## Brief
In the entries below, find the line with "A German Shepherd" and the line with "Ropa de Maternidad"; copy them and every line between them exactly, but not the pictures.

## Given records
= Beginning of Section =
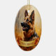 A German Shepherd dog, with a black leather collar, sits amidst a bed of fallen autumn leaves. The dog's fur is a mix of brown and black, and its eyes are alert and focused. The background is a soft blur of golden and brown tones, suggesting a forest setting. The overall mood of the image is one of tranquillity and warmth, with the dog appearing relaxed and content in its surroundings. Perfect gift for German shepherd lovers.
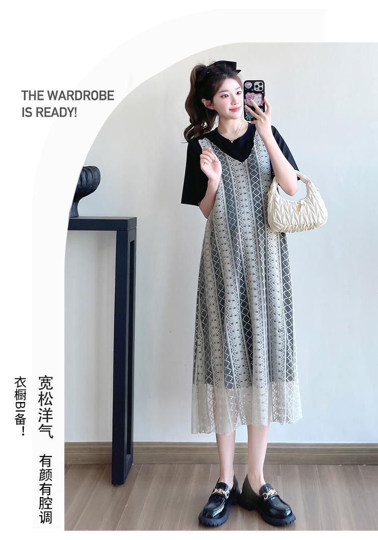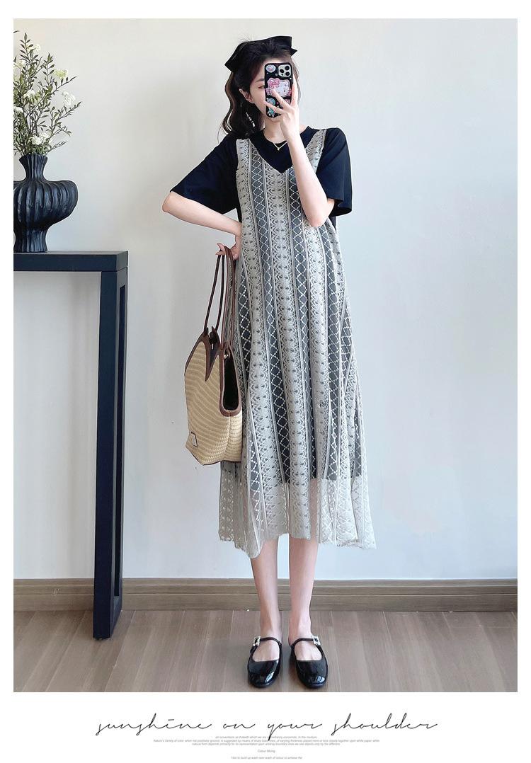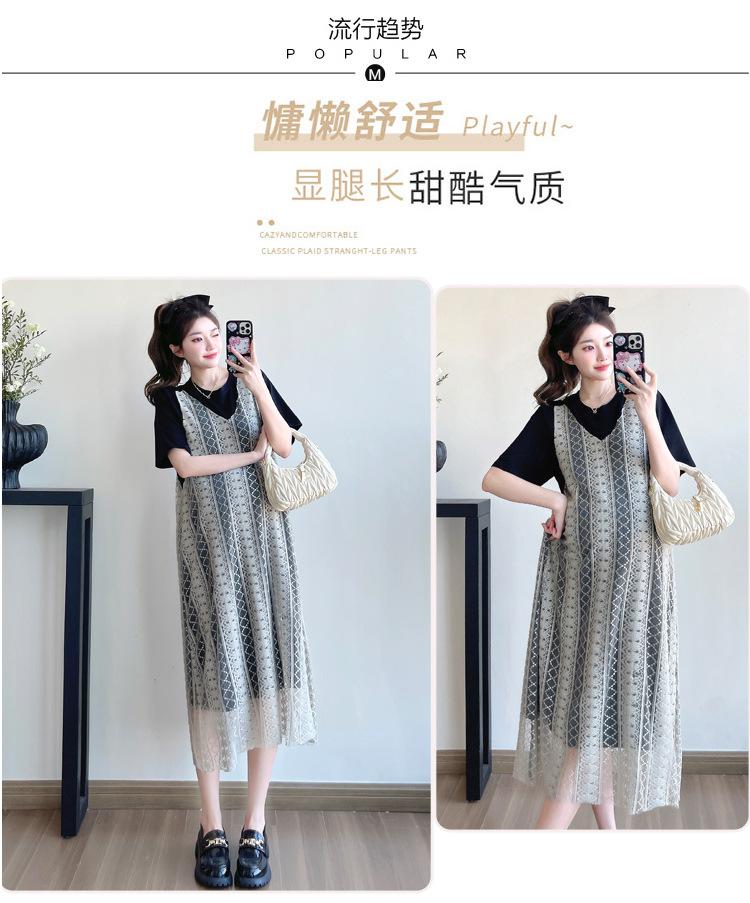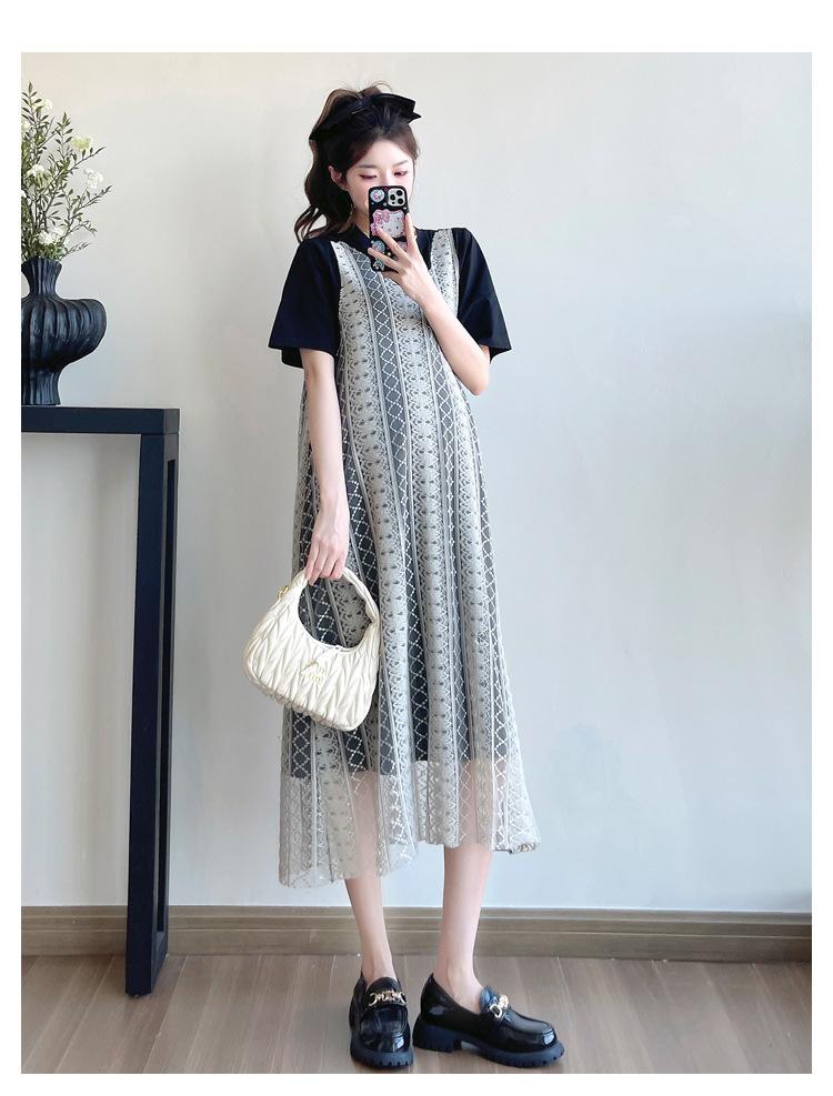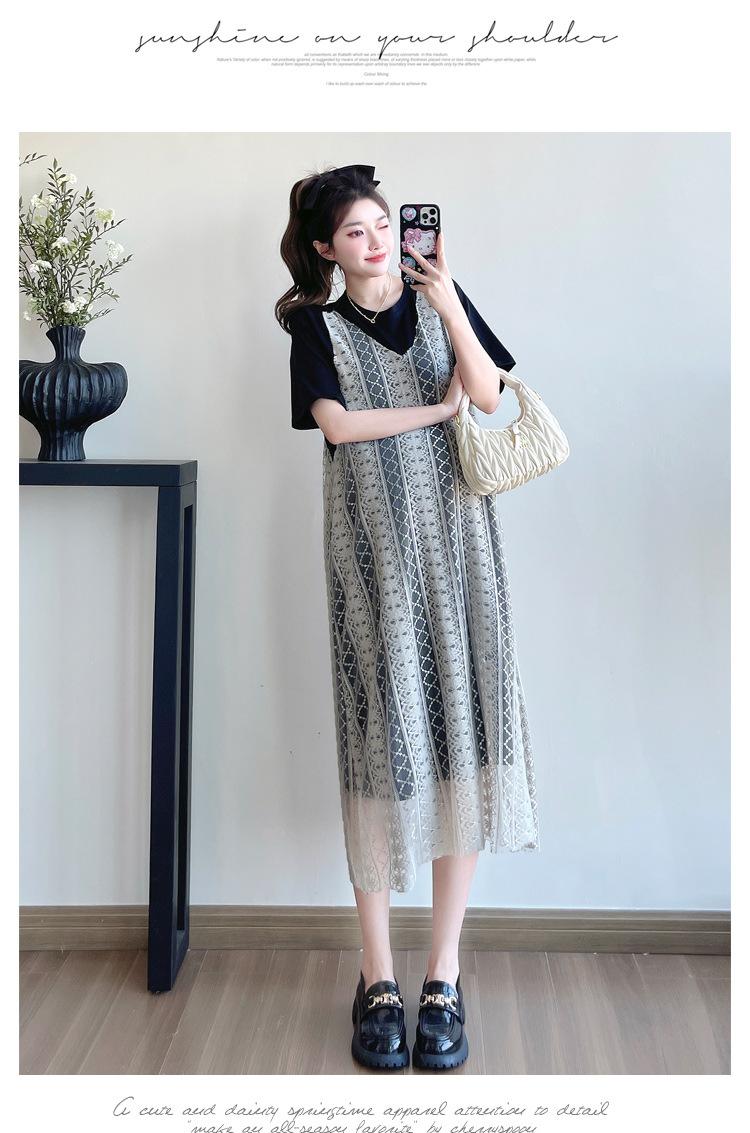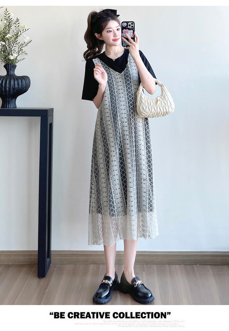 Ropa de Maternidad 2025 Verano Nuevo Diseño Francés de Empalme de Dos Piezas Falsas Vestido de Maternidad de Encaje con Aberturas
= End of Section =
= Beginning of Section =
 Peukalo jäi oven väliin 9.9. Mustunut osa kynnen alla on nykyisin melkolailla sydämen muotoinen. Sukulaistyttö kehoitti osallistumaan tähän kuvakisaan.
= End of Section =
= Beginning of Section =
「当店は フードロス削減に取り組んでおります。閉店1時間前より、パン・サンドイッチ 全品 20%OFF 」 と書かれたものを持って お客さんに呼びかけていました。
= End of Section =
## Task answer
 A German Shepherd dog, with a black leather collar, sits amidst a bed of fallen autumn leaves. The dog's fur is a mix of brown and black, and its eyes are alert and focused. The background is a soft blur of golden and brown tones, suggesting a forest setting. The overall mood of the image is one of tranquillity and warmth, with the dog appearing relaxed and content in its surroundings. Perfect gift for German shepherd lovers.
 Ropa de Maternidad 2025 Verano Nuevo Diseño Francés de Empalme de Dos Piezas Falsas Vestido de Maternidad de Encaje con Aberturas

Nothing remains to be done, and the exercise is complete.